# Ziektes & Aandoeningen > Immuunsysteem en allergieën >  Ziekte van Lyme - Artikel

## Luuss0404

*Waarom noemt men het de ziekte van Lyme?*
De ziekte van Lyme (spreek uit als "Lijm") is vernoemd naar het stadje Old Lyme in de Verenigde Staten, waar de ziekte in de jaren '70 werd (her)ontdekt en onderzocht.
Eigenlijk is het een verwarrende benaming, alsof ene Dr. Lyme de ziekte zou hebben ontdekt. Maar de ziekte van Lyme is dus niet vernoemd naar een persoon! Vandaar dat de ziekte ook wel Lyme-ziekte of lymeziekte wordt genoemd, vergelijkbaar met het Engelse "Lyme disease". Medici en wetenschappers noemen het vaak Lyme-borreliose of Borreliose, hiermee verwijzend naar de bacterie. In Duitsland noemt men het ook meestal Borreliose. Op het forum is het wel makkelijk om het kortweg Lyme te noemen.

*Wat is de ziekte van Lyme?*
De ziekte van Lyme is een infectieziekte die veroorzaakt wordt door de bacterie Borrelia burgdorferi (Bb). Het is een spiraalvormige bacterie die men een spirocheet noemt. In 1981 ontdekte Willy burgdorfer een nieuwe bacterie in teken, een bacterie die behoort tot het geslacht Borrelia. Vandaar dat de bacterie Borrelia burgdorferi heet.

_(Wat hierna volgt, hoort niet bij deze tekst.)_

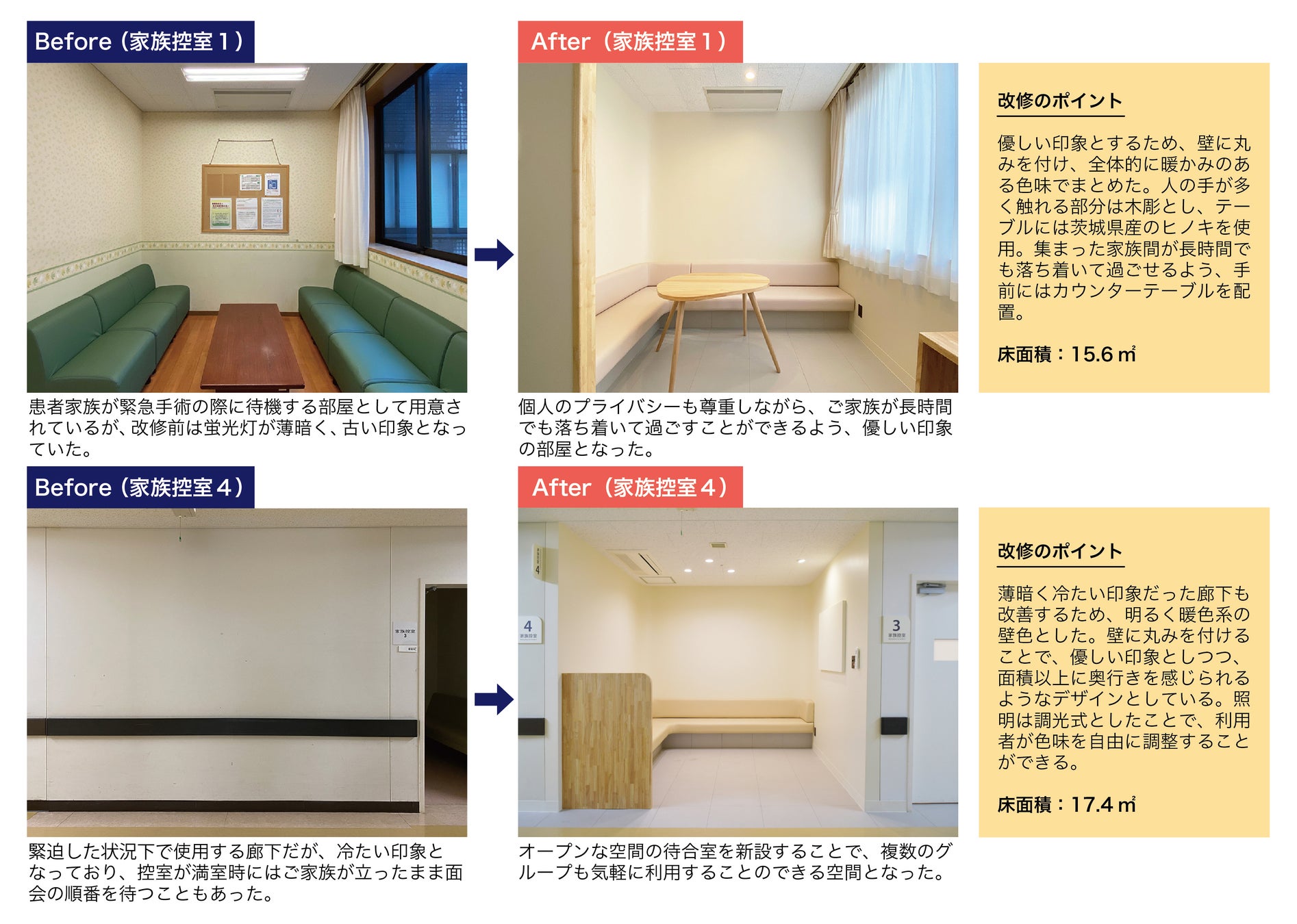 茨城県南地域の三次救急医療を担う、当院の救命救急センターは、年間6,300件を超える救急搬送のほか、ドクターカーの運用、救急ヘリコプター搬送による重症患者受け入れを行っています。今回改修したICU家族控室は、重症度の高い患者や病棟で急変した患者の家族が、処置が終了するまでの間に待機する場所で、一日あたり最大10組が利用し、長い時は8時間近く滞在する場合もあります。また、当院のICUは開院当初からある棟に位置しているため、老朽化に加え、「狭く圧迫感がある」などの職員からの声もあり、療養環境改善が長年の課題となっていました。

Niet lang daarna werd ook aangetoond dat deze bacterie de veroorzaker van de ziekte van Lyme is.

*Hoe raakt men geïnfecteerd met de Lyme-bacterie?*
De Lyme-bacterie wordt meestal overgedragen door de beet van een geïnfecteerde teek. Teken zijn kleine parasieten die vooral voorkomen in bossen en velden. De teek hecht zich vast in de huid en zuigt zich vol met bloed. Als de teek is geïnfecteerd, dan kunnen de Lyme-bacteriën worden overgedragen naar de mens.
Ook is aangetoond dat een zwangere vrouw die geïnfecteerd is met de Lyme-bacterie, deze kan overdragen op het ongeboren kind.
Andere besmettingswegen die door sommigen worden vermoed, zijn borstvoeding, menselijk en dierlijk contact, bloedzuigende insecten (muggen, vliegen, vlooien), bloedtransfusies en transplantaties, maar deze besmettingswegen zijn (nog) niet wetenschapelijk aangetoond.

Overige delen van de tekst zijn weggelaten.